SCHUMANN Requiem in d?. Der Konigssohn. Nachtlied Georg Grün, cond; Sibylla Rubens (sop); Ingeborg Danz (alt); Christoph Prégardien (ten); Adolph Seidel (bar); Yorck Felix Speer (bass); Saarbrücken CCh; German RPO Saarbrücken HÄNSSLER 93.270 (72:20 & no translations)


In his later years, Robert Schumann lamented the fact that most composers stayed away from liturgical music in their Read more youth, only to return to the genre later in life. Schumann, a Protestant to the core (“religious without a religion,” in his own words) might have been thought a little wacky for turning to something as staid and traditional as the Roman Catholic Mass so late in life (1852), and the good nature of Brahms toward him was not enough to assuage the younger man’s opinion that the Requiem was weak, something that haunted the work for years to come, not receiving a premiere until 1864, and then only privately at that.

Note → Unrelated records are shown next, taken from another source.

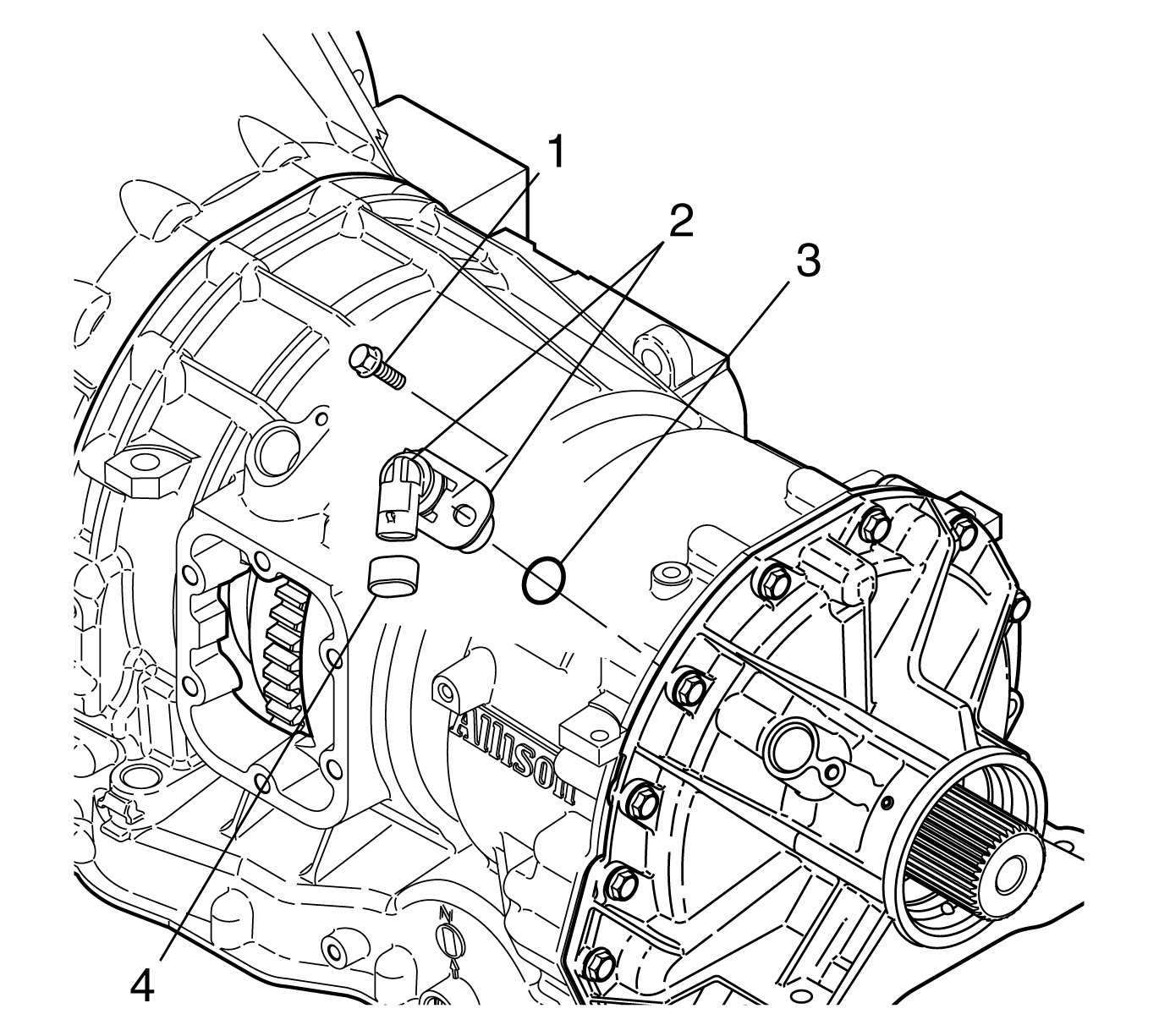 1. Install the vehicle speed sensor O-ring (3) onto the output speed sensor (OSS) (2).
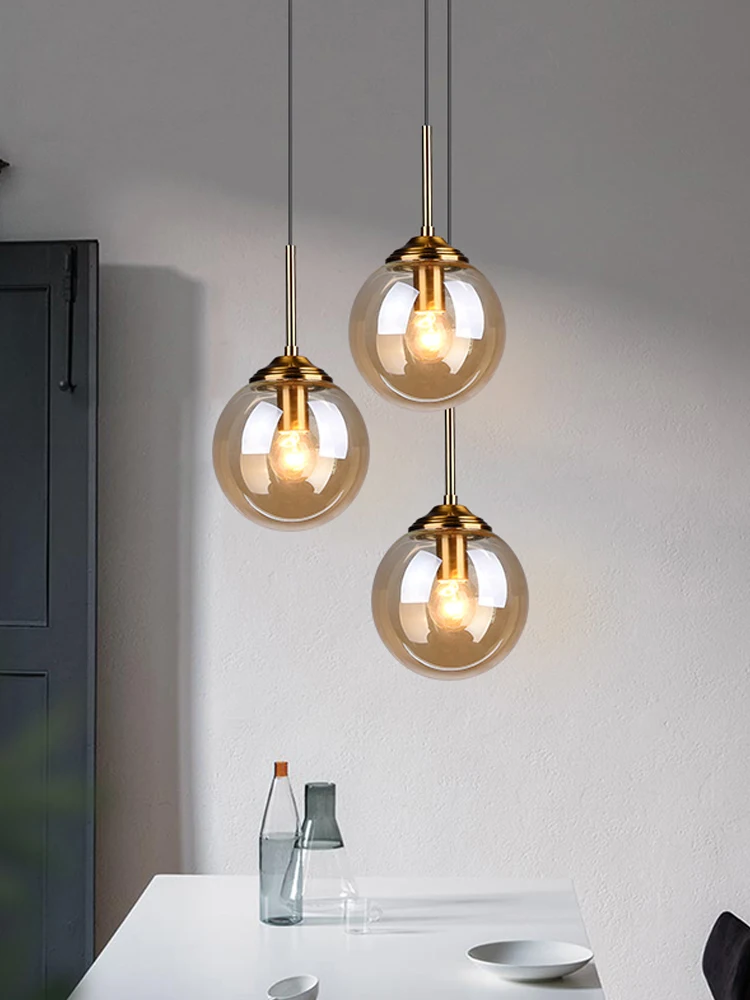 Crafted with high-quality alloy and featuring exquisite plated detailing, these pendant lights exude sophistication and style. The glass ball design, available in transparent, amber, and smoky gray options, adds a touch of modern flair to any space.
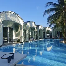 수영장이 크고 아이들이 좋아하고 가격도 저렴하고 상점에서 조금 멀고 마을에 있지만 환경은 말할 것도 없고 시설이 좀 낡았을 수도 있고 너무 많을 수도 있어요 머무르는 사람들, 욕실의 검은 벽과 바닥 타일은 선택할 필요가 없는 흰색 타일로 교체될 수 있습니다. 전반적으로 매우 좋습니다.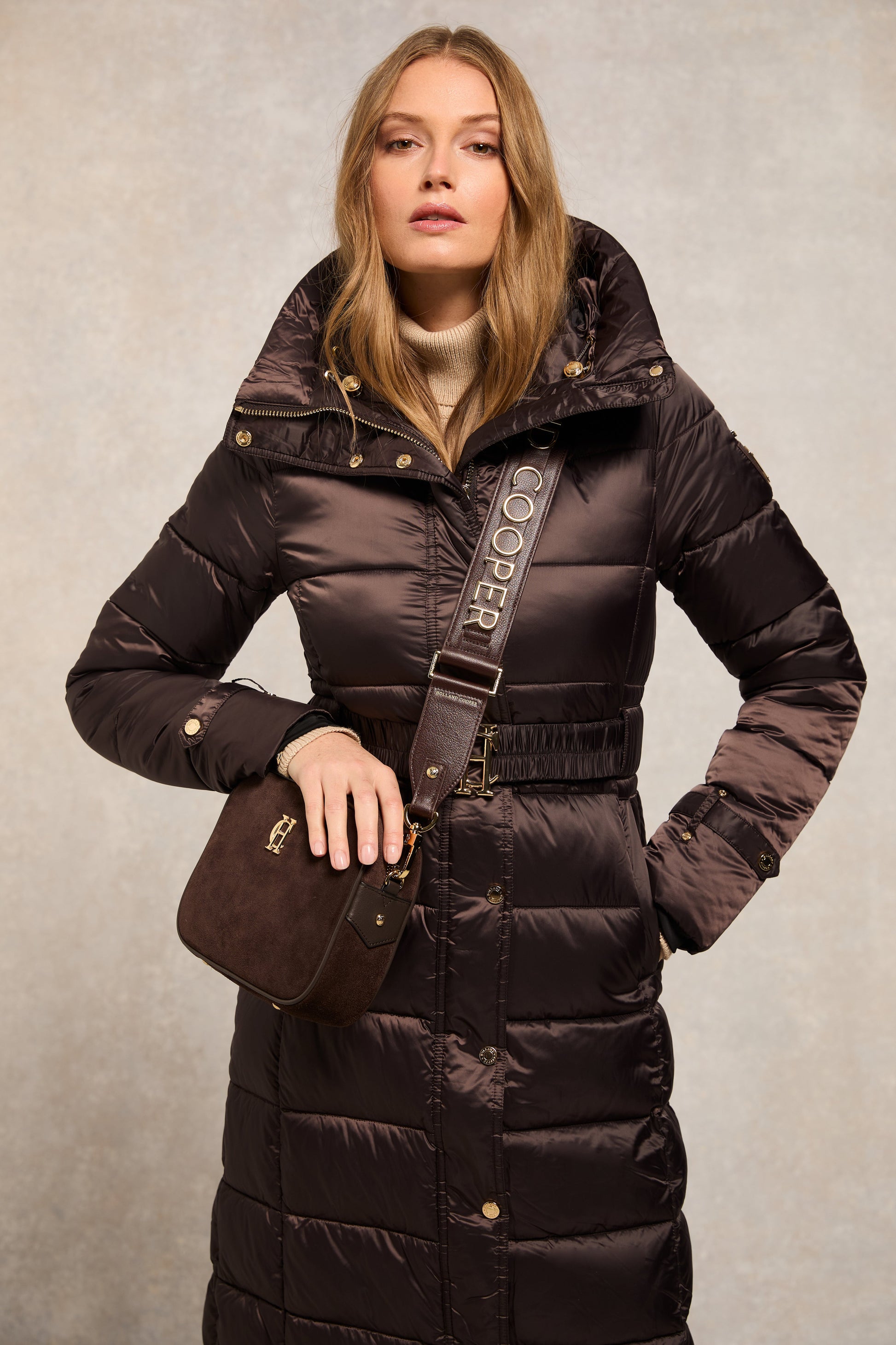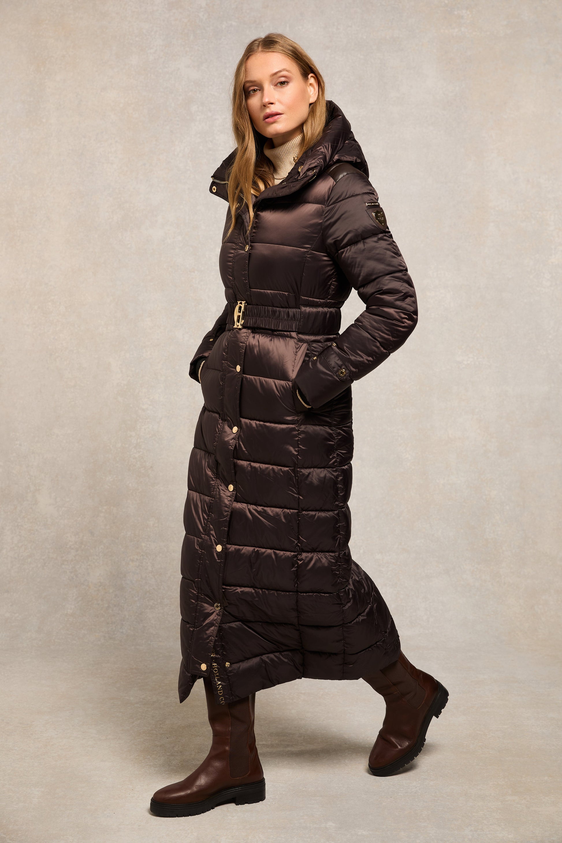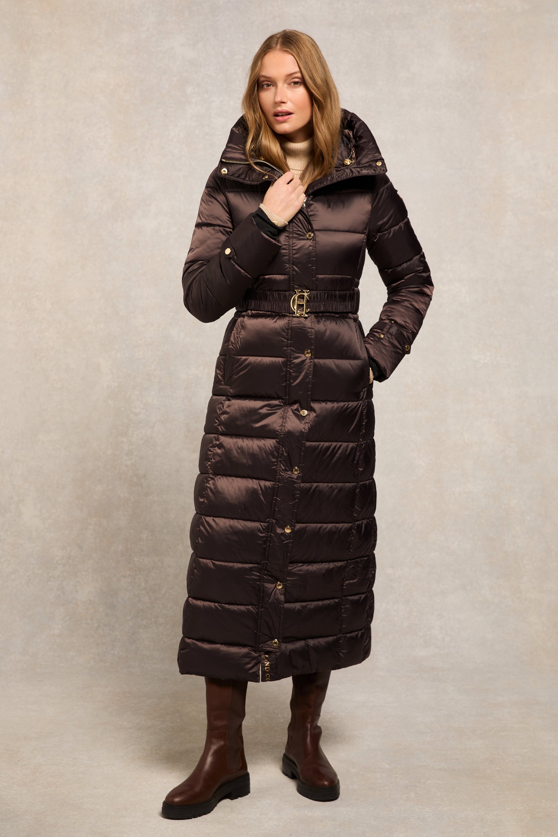 Providing a slimming silhouette with its integrated belt to cinch you in. this coat is an elegant and sophisticated alternative to your typical padded outerwear. Filled with a premium eco fill for ultimate warmth and decorated with gold metal hardware. Detailed with a jacquard branded belt with iconic HC gold buckle with a bold & oversized face-framing hood.

Clara was of a different opinion: “I played the Requiem by Robert with Brahms and Grimm; O how gripping it is!” What was she hearing that Brahms wasn’t? If one could say that a “Requiem without teeth” like the Fauré had a predecessor, this one by Schumann might be it; even Fauré had a rougher vision of God than Schumann gives us in this work, which is remarkably calm and persuasively suppliant in nature. The forces here do the work justice, allowing us to hear what eluded Brahms, that a liturgical work—or religious one in general—could be effective without appealing to melody, drama, or clever harmonies. Sometimes simply setting a tone is all that is needed, and heard this way the Schumann Requiem becomes fully convincing in its own right.


One of the greatest of the “unknown” Schumann choral works (what am I saying—aren’t they all unknown?) has to be The Royal Son , a piece that takes its texts from poet Ludwig Uhland telling of the penniless youngest son of a king who sets out with a rusty crown in search of a throne. The chorus, acting as narrator, tells the story of his sojourn until ultimately he is accepted by the people. This music is quite descriptive and winning in every way, the first of three ballades by this poet (Schumann set four ballades altogether). Again Georg Grün and forces are completely at ease in this music, as if they have been telling the story for years, so natural and fairytale-like is their performance with flawless execution in the essentially political parable that Schumann created. (Schumann foresaw a poetic age with political freedom being one of its hallmarks.) But—there is a new recording that tops it, with Kent Nagano and the Bavarian Radio Orchestra, which is more energetic and caressing of Schumann’s many ably inspired phrases. That album also has a reverie-inducing Nänie and one of the very best readings of Die Erste Walpurgisnacht that I have ever heard. If forced to choose, it would be the Nagano recording on Farao.


Night Song is one of the best-known of Schumann’s choral works, and maybe the most important of the shorter ones. He wrote it in 1849 in just a few days to a poem by Friedrich Hebbel, and the gorgeous colors and cleverly designed poetic inspiration makes the most out of the choral harmonies to present us with about as vivid a depiction of the state of transition from waking to sleeping as if we had stumbled down into the rabbit hole, discovering a world of fragrance and fantasy only grasped with the greatest of difficulties and rarely remembered from night to night. Though I do have some affection for John Eliot Gardiner’s Archiv production, this one is warm and ultimately more affecting.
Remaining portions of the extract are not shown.